Unfortunately, Cypher doesn’t have a longestPath() function that efficiently finds the longest path that meets certain criteria. So I’m having to do ORDER BY length(path) DESC, which is probably not as efficient as it should be. I think I’ll add longestPath() to my TODO list. Still, I bet this beats a linked list for some operations.

Starting structure

In order to make this work in Cypher, I ended up needing to have the head and tail of the list set up beforehand. It’s possible I overlooked something, but this made it easier, because there’s no such thing as a null pointer in Neo4j, so I needed a way to express the end of the list, and that was with the tail node. The head and tail have unique labels for a fast lookup.

CREATE
 (head:TimeIndexHead {time:0}), // this is always earlier than any time
 (tail:TimeIndexTail {time:9223372036854775807}), // this is always later than any time
 (head)-[:NEXT3]->(tail),
 (head)-[:NEXT2]->(tail),
 (head)-[:NEXT1]->(tail)
; // we need something to start at

Let’s add a few events in our timeline

Now that Cypher has LOG() and RAND(), we can do this sort of awesomeness. CEIL( LOG(RAND()) / LOG(.5) ) gives us a minimum of 1, and a maximum of infinity, but a very low chance of reaching infinity. RAND() would need to be 0. To avoid that very small possibility, I’ll add a small amount to the RAND(). Our first :Event will have a time of 1. Let’s add it!

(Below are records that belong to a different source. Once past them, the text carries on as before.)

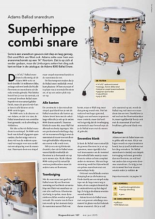 Adams zet met de Ballad snare een te gekke add-on neer. Als je van hippe sounds en experimenteren houdt, kun je jezelf eindeloos met het ding vermaken. De Ballad snaredrum is dankzij een simpele toevoeging veel meer geworden dan een floortom, en ook heel wat anders dan een gewone doorsnee snaredrum. Zo krijg je met één trommel heel wat nieuwe sounds onder je stokken.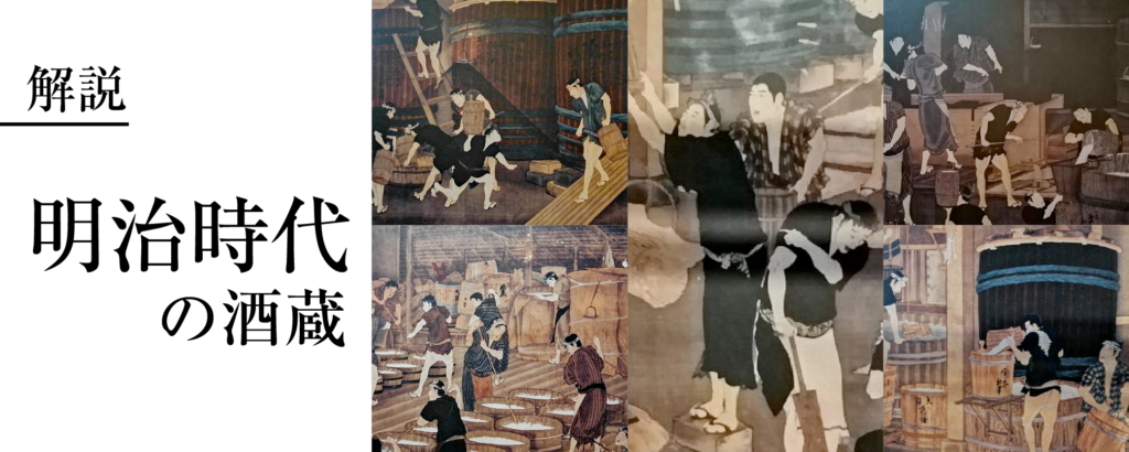 ここで紹介している一連の絵画は、成田山へ奉納するために、浮世絵師の豊原国周が明治14年に描いたものである。国周は清酒「万両」の醸造元である鈴木家(現在の埼玉県岩槻市の鈴木酒造)に滞在し、酒造りの様子を間近に見ながら描いたという。明治初期の酒造りが絹地に詳細に生き生きと描かれた肉筆画で、歴史的資料としても大変貴重なものである。現在は機械化されている部分も多いが、すべてが手作業で行われていた時代の酒造りの知恵や大変さが伝わってくる。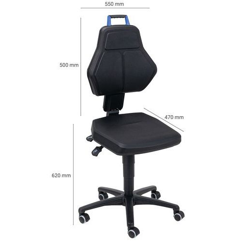 | Nombre del producto | Silla de taller baja con ruedas, Con reposabrazos: no, Tipo de pie: Ruedas, Asiento material: Poliuretano |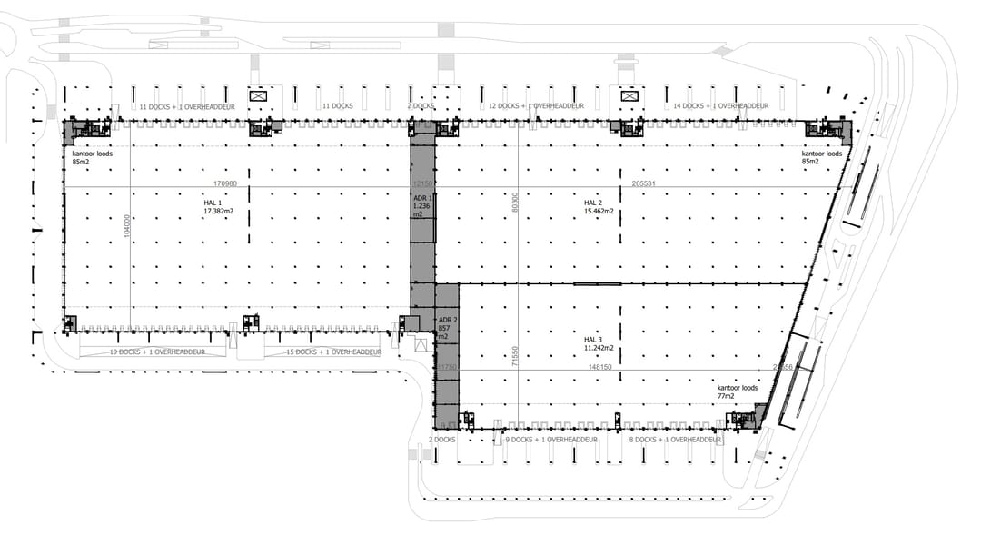 • 121 loading docks voor vrachtwagens en 79 loading docks voor busjes

WITH CEIL(LOG(RAND()+0.000000000001)/LOG(.5)) as level
CREATE (e:Event {time:1, val:"I just drank some Taster's Choice French Roast, the best coffee ever."})
WITH e, level
MATCH p3=(head:TimeIndexHead)-[:NEXT3*0..]->(max3)-[r3:NEXT3]->(next3)
WHERE max3.time < e.time
WITH e, level, max3, next3, r3
ORDER by length(p3) DESC
LIMIT 1
MATCH p2=(max3)-[:NEXT2*0..]->(max2)-[r2:NEXT2]->(next2)
WHERE max2.time < e.time
WITH e, level, max3, next3, r3, max2, next2, r2
ORDER by length(p2) DESC
LIMIT 1
MATCH p1=(max2)-[:NEXT1*0..]->(max1)-[r1:NEXT1]->(next1)
WHERE max1.time < e.time
WITH e, level, max3, next3, r3, max2, next2, r2, max1, next1, r1
ORDER by length(p1) DESC
LIMIT 1
WHERE level >= 1
CREATE (max1)-[:NEXT1]->(e)-[:NEXT1]->(next1)
DELETE r1
WITH e, level, max3, next3, max2, next2, r2, r3
WHERE level >= 2
CREATE (max2)-[:NEXT2]->(e)-[:NEXT2]->(next2)
DELETE r2
WITH e, level, max3, next3, r3
WHERE level >= 3
CREATE (max3)-[:NEXT3]->(e)-[:NEXT3]->(next3)
DELETE r3
;

I know what you’re thinking. That was a lot of Cypher. Seriously? That has to run for each insert? Yes, but it’s not that bad. The top level list is faster to traverse along because it has much fewer nodes. Let’s do several more.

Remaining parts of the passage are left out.